Di titik inilah, keabsahan pemberhentian pegawai KPK yang dinyatakan tidak lulus tes wawasan kebangsaan semakin menjadi pertanyaan. Seakan-akan Tes Wawasan Kebangsaan adalah alat pembenar terhadap upaya untuk memberhentikan pegawai KPK. Jika memperhatikan tidak terkaitnya pertanyaan-pertanyaan dalam Tes Wawasan Kebangsaan untuk mengukur rasa kebangsaan, maka bukan tidak mungkin tes tersebut melanggar rasa setia dan taat kepada Pancasila, UUD 1945, NKRI, dan Bhinneka Tunggal Ika.
2.6. Tanggungjawab Presiden Presiden adalah orang yang sedari awal bertanggungjawab dalam proses alih status pegawai KPK yang “dibuat-buat” dan berantakan itu. Buktinya sederhana bahwa Presiden adalah salah satu pihak yang terlibat dalam membentuk UU bersama DPR. Meskipun perubahan UU KPK itu adalah usulan DPR tetapi tanpa persetujuan Presiden mustahil sebuah Rancangan UU dapat dibahas lebih lanjut.

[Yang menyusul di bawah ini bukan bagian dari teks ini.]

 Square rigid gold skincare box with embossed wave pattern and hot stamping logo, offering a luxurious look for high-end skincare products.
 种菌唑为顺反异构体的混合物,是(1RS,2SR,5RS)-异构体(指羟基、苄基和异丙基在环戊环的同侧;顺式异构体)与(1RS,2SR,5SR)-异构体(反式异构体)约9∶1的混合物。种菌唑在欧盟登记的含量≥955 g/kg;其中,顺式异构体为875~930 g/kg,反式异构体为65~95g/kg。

UU No. 19 Tahun 2019 merupakan rencana bersama Presiden dan DPR untuk mengalihstatuskan pegawai KPK menjadi ASN. Pada titik tertentu, Presiden merancang dirinya untuk dapat mengendalikan seluruh ASN yang ada, namun dalam konteks pegawai KPK ternyata Presiden tidak mengambil tindakan yang nyata. Hal itu dapat dibuktikan dengan diterbitkannya PP Nomor 17 Tahun 2020 tentang Manajemen Pegawai Negeri Sipil. Pasal 3 PP Manajemen ASN ini mengatur bahwa Presiden selaku pemegang kekuasaan tertinggi Pembinaan PNS berwenang menetapkan pengangkatan, pemindahan, dan pemberhentian PNS.

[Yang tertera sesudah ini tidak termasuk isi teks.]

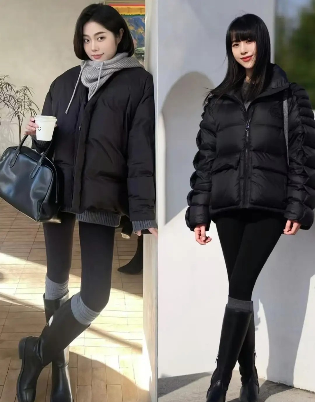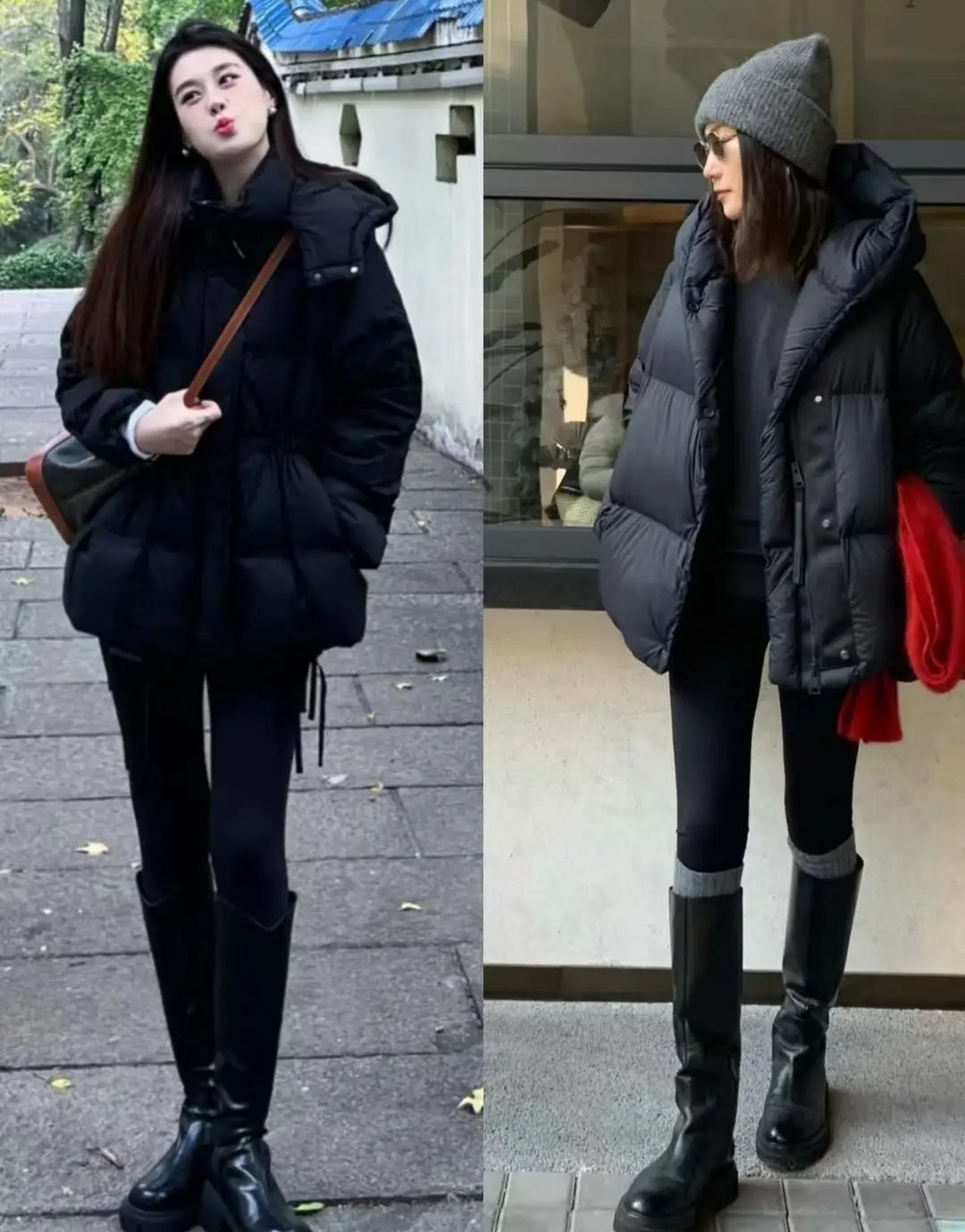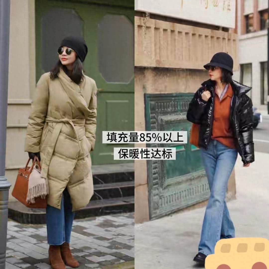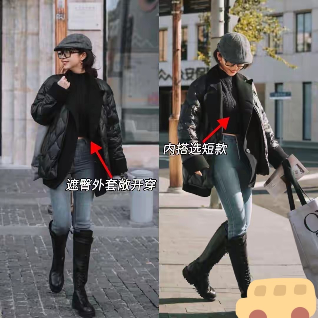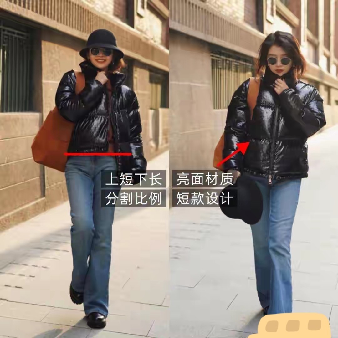 像下面右边这一件黑色羽绒服长度到膝盖的位置,整体效果就有点压身高。

Jika Presiden menghendaki maka pegawai KPK dengan mudah dapat dialih- statuskan menjadi PNS, tanpa perlu sesuai kehendak Pimpinan KPK sama sekali. Jadi apabila ditanyakan siapakah yang paling bertanggungjawab dalam mengangkat dan memberhentikan pegawai KPK atau pengalihstatusan pegawai KPK menjadi ASN? Jawabnya satu, Presiden Joko Widodo.
Oleh karena itu, saran kepada Presiden Joko Widodo sebagai kepala negara dan kepala pemerintahan untuk menjalankan nilai-nilai Pancasila, UUD 1945, NKRI dan Bhinneka Tunggal Ika dengan melantik seluruh pegawai KPK menjadi ASN. Presiden tidak dapat lari dari tanggung-jawabnya dengan mencoreng nilai-nilai Pancasila, UUD 1945, NKRI dan Bhinneka Tunggal Ika dengan membenarkan isi materi Tes Wawasan Kebangsaan alih status pegawai KPK tersebut.